Sat, April 13, 11:25am to 12:55pm, Pennsylvania Convention Center, Floor: Level 100, Room 113C

Abstract

In this project, I analyze how I, a historian of African American education, research— undertake rememory of—the education history of my hometown. Simply put, rememory represents one’s recollection of something, often traumatic, they have suppressed. As a scholar, I have worked to relearn and reimagine my hometown’s school desegregation process from a Black perspective. This process has shown me that doing so necessitates examining how “black geographies, and black geographic subjects, can help us to better understand the racialization that has long formed the underpinning for the production of space.” These spaces, my research demonstrates, include those shuttered and forced upon Black Texans in the school desegregation process.

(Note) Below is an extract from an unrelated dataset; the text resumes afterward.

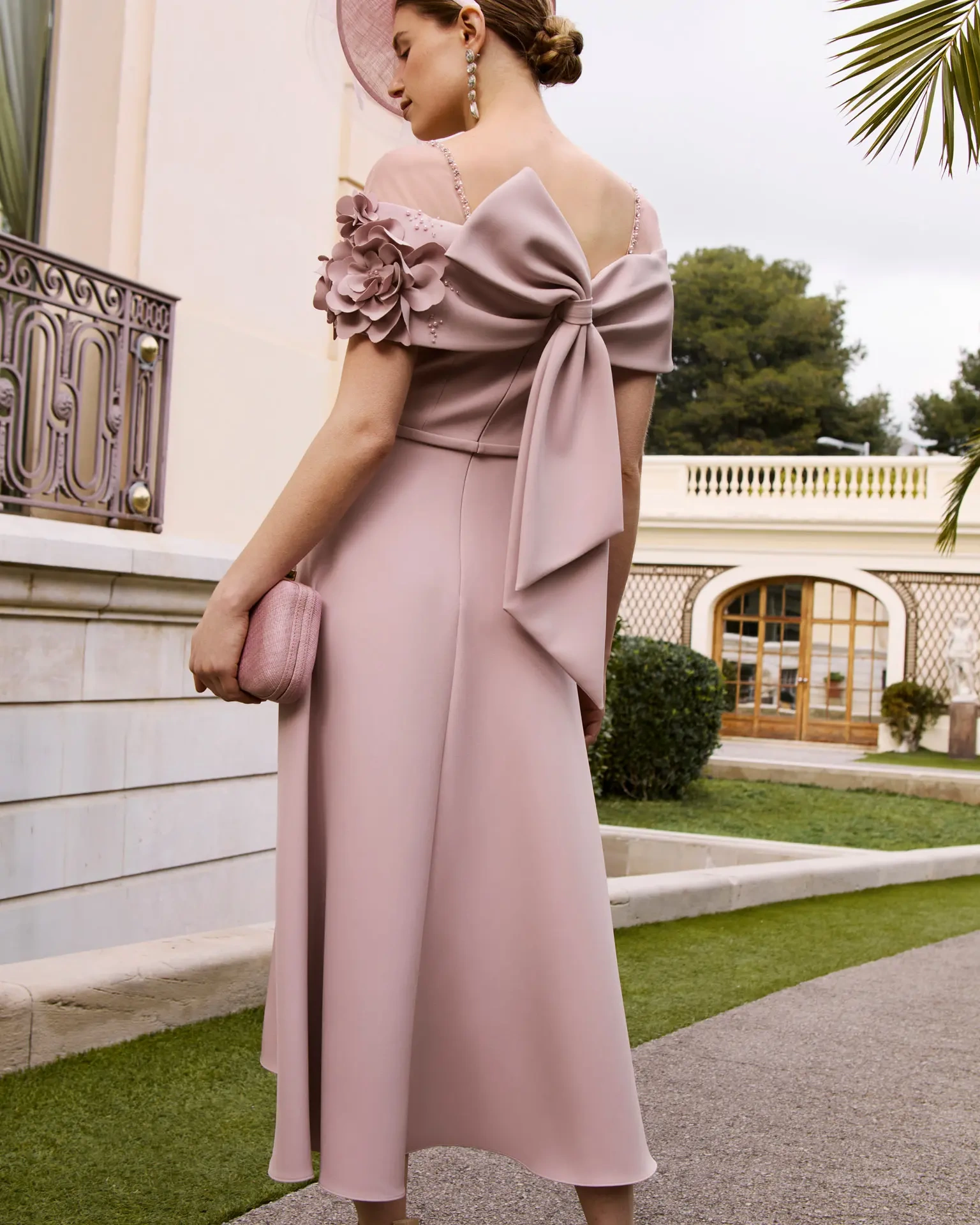 Un abito da cerimonia che unisce femminilità e ricercatezza in un equilibrio perfetto. Il corpetto presenta uno scollo off-shoulder strutturato, impreziosito da sottili spalline gioiello e applicazioni floreali tridimensionali tono su tono, che donano movimento e un tocco couture al design. La linea è morbida e fluida, con una gonna midi che accompagna la figura con eleganza, valorizzando il punto vita. Sul retro, un raffinato fiocco oversize diventa protagonista, aggiungendo un dettaglio scenografico e sofisticato che rende l’abito unico anche visto da dietro. Realizzato in un tessuto liscio e confortevole, è la scelta ideale per cerimonie diurne o serali, matrimoni, eventi eleganti e occasioni speciali in cui distinguersi con stile. Un modello pensato per la donna che ama l’eleganza senza tempo, arricchita da dettagli sartoriali di grande personalità.

My study illustrates how school desegregation was punctuated by many Black students’ rememory of its implementation. These considerations animate my relationship to home and underscore the complicated sacrifices that accompanied school desegregation for Black stakeholders writ large. My project illuminates Black spatial agency, the consequential ways Black peoples have conceived of and produced space despite a logic deeming them spatially insignificant. I propose that Black geographies offers oral history and the history of education a powerful tool to foreground Black spatial agency in examinations of ordinary Black resistance against institutional white supremacy.

Crucial to the history of African American education, Black oral histories address the “need to critically assess historically present black geographies.” From this view, I elevate the perspectives of Black former students who desegregated via original oral history interviews, which challenge written, often through a white lens, accounts of school desegregation. Thus, I posit that oral history is a powerful methodology that serves the objectives of Black geographies in amplifying the voices of subordinated, marginalized Black Texans, who resisted antiBlack oppression.

Black feminist perspectives of home render it significant to racially marginalized communities, invite authenticity, and emphasize subjectivity. Using this frame, I analyze cases from my research that demonstrate the dynamic considerations researchers studying their home must weigh and write against. Calls to uphold objectivity via the standard Eurocentric knowledge validation process rub against my use of rememory as too personal, traditionally speaking, to generate “valuable” academic insights. Ultimately, I contend that school desegregation was primarily about the contestation of space. In the narratives I share, I discuss what it meant for me to learn of this hometown history as a Black girl student who decades later attended many of the same schools I now study.